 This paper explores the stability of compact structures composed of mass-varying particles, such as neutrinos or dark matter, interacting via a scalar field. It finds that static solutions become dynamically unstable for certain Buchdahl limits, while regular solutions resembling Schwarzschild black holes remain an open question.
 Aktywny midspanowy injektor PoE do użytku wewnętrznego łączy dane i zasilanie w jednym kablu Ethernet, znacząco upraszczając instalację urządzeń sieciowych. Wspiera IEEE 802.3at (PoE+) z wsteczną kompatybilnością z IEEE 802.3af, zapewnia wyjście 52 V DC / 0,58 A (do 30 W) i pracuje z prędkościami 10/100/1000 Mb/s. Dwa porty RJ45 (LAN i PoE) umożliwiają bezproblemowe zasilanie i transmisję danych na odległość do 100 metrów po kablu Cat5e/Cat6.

...

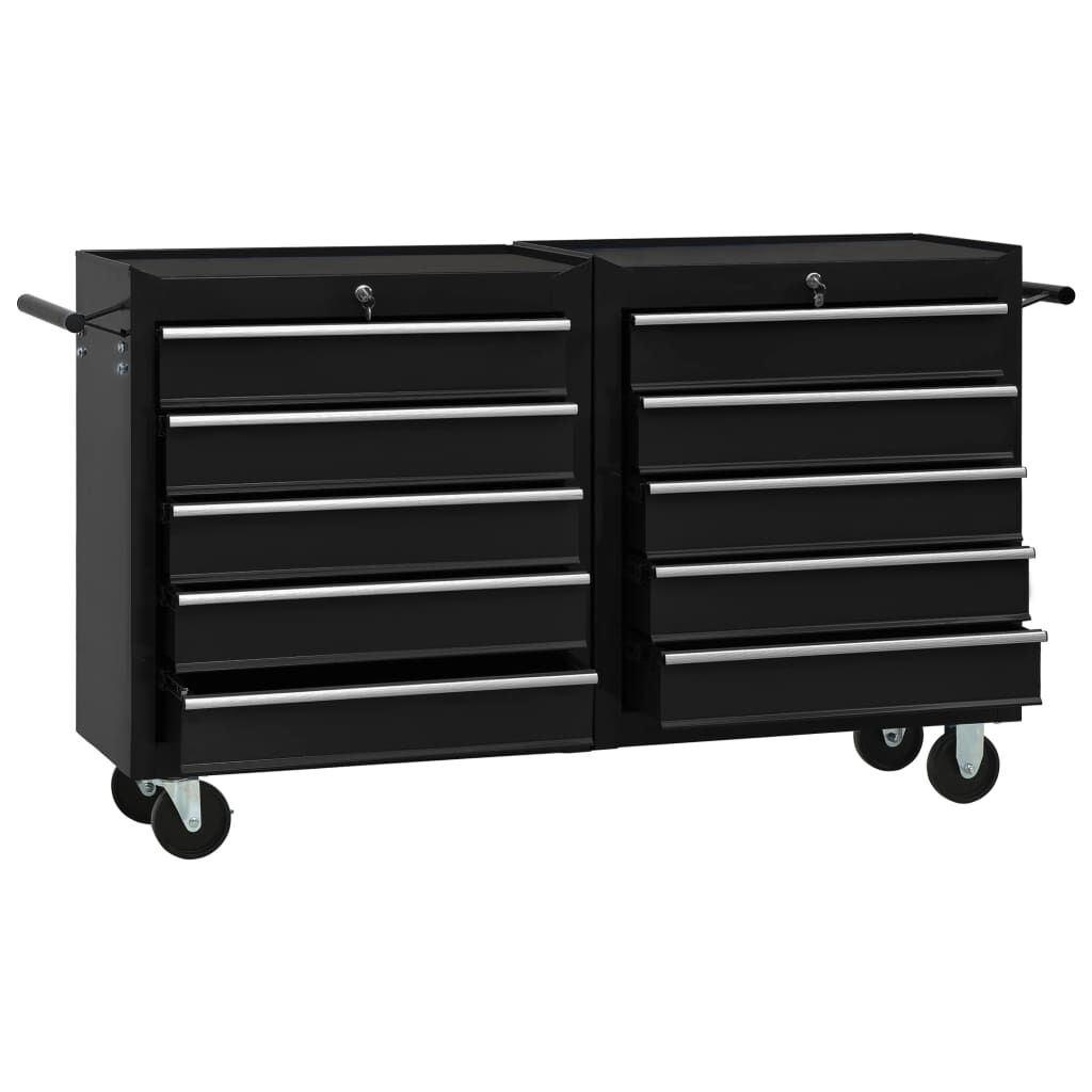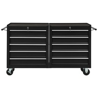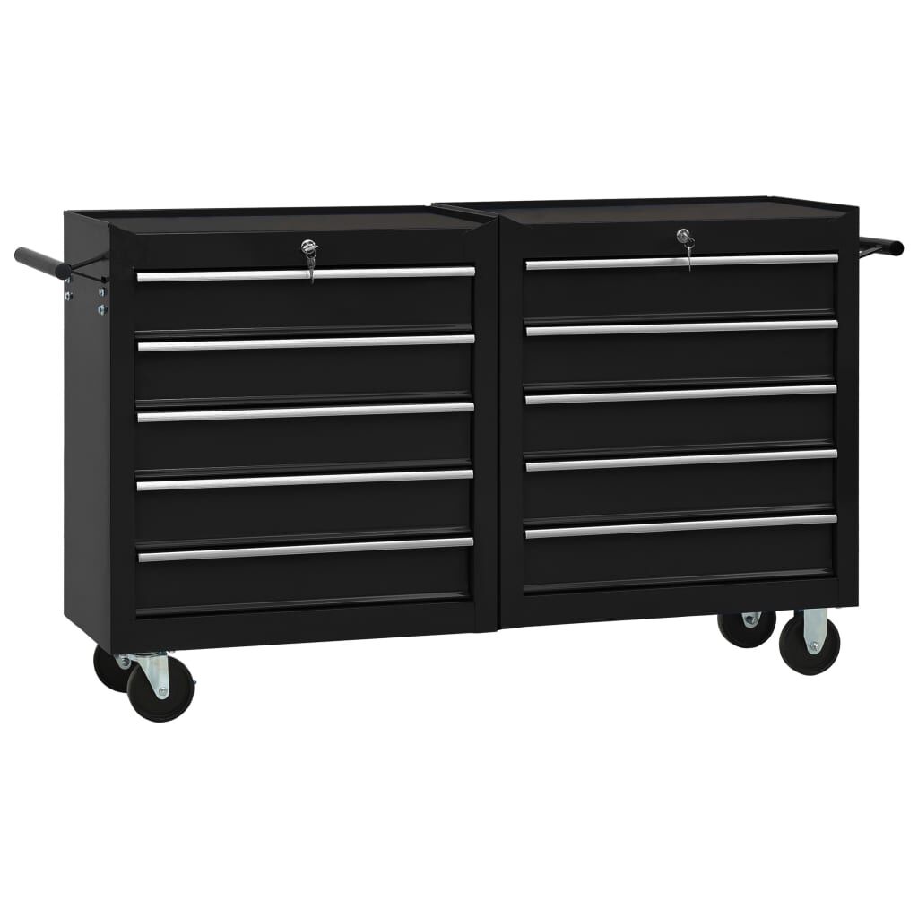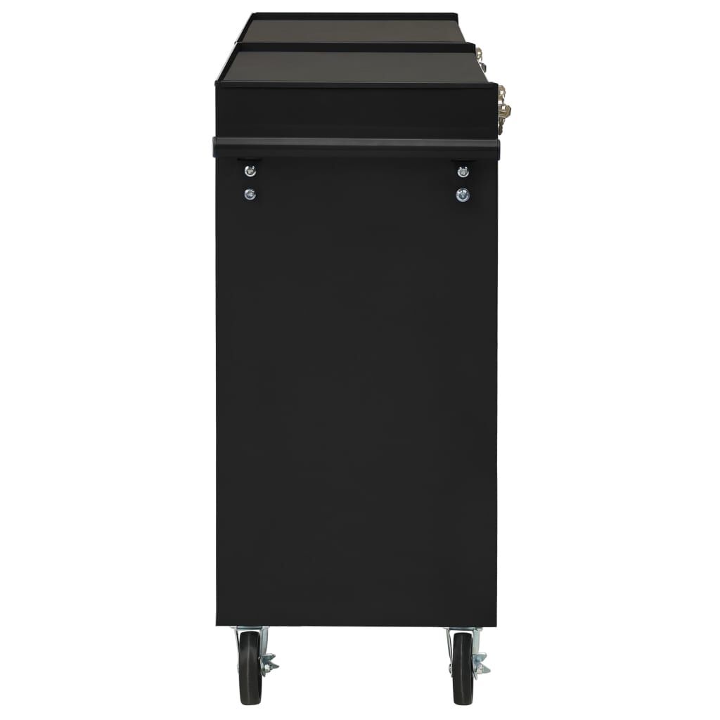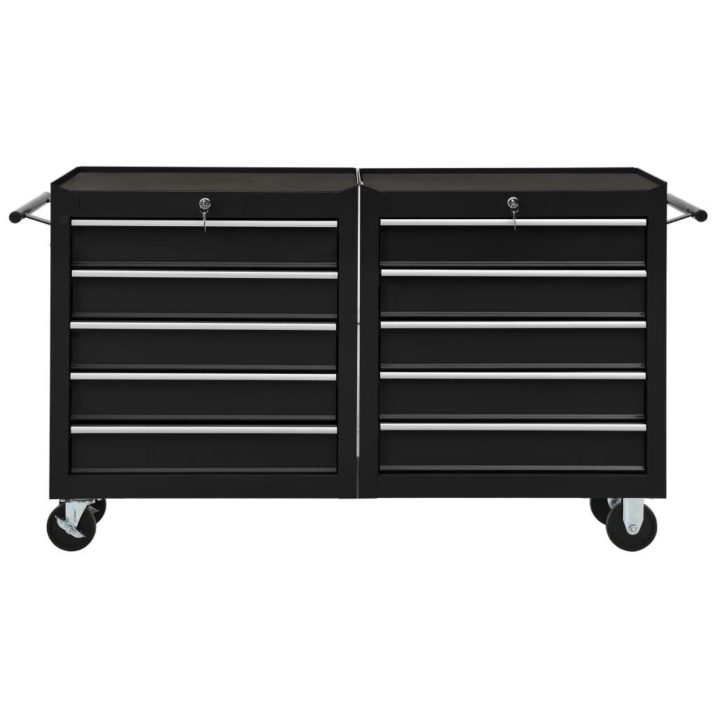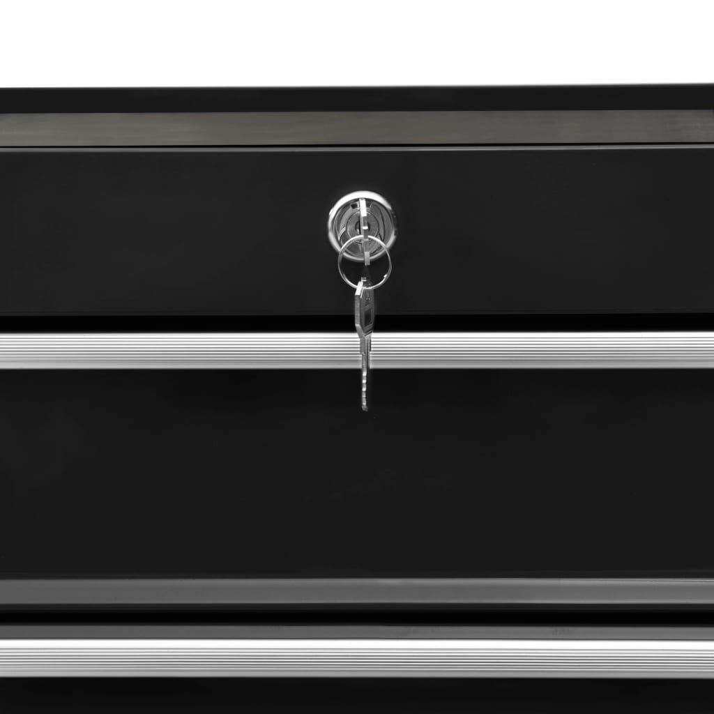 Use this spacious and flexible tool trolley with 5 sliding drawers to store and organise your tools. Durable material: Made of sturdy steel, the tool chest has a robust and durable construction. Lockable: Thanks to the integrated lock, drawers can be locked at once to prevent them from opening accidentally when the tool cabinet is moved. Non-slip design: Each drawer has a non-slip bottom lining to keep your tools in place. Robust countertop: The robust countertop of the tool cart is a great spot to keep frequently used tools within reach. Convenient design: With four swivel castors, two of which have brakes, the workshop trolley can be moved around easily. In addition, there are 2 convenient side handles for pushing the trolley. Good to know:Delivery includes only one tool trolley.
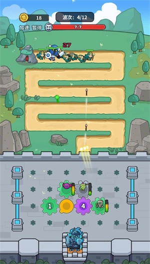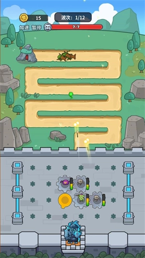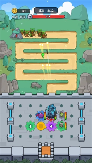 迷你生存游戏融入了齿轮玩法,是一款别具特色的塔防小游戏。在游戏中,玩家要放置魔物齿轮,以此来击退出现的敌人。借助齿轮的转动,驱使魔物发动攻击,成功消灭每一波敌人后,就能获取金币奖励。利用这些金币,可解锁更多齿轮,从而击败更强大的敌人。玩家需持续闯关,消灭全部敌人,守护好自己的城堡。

» **To do**: From the line that has "This paper explores" through the line that has "Aktywny midspanowy injektor", copy every line exactly as it appears above, and leave out all others.

» **Result for this exercise**:
 This paper explores the stability of compact structures composed of mass-varying particles, such as neutrinos or dark matter, interacting via a scalar field. It finds that static solutions become dynamically unstable for certain Buchdahl limits, while regular solutions resembling Schwarzschild black holes remain an open question.
 Aktywny midspanowy injektor PoE do użytku wewnętrznego łączy dane i zasilanie w jednym kablu Ethernet, znacząco upraszczając instalację urządzeń sieciowych. Wspiera IEEE 802.3at (PoE+) z wsteczną kompatybilnością z IEEE 802.3af, zapewnia wyjście 52 V DC / 0,58 A (do 30 W) i pracuje z prędkościami 10/100/1000 Mb/s. Dwa porty RJ45 (LAN i PoE) umożliwiają bezproblemowe zasilanie i transmisję danych na odległość do 100 metrów po kablu Cat5e/Cat6.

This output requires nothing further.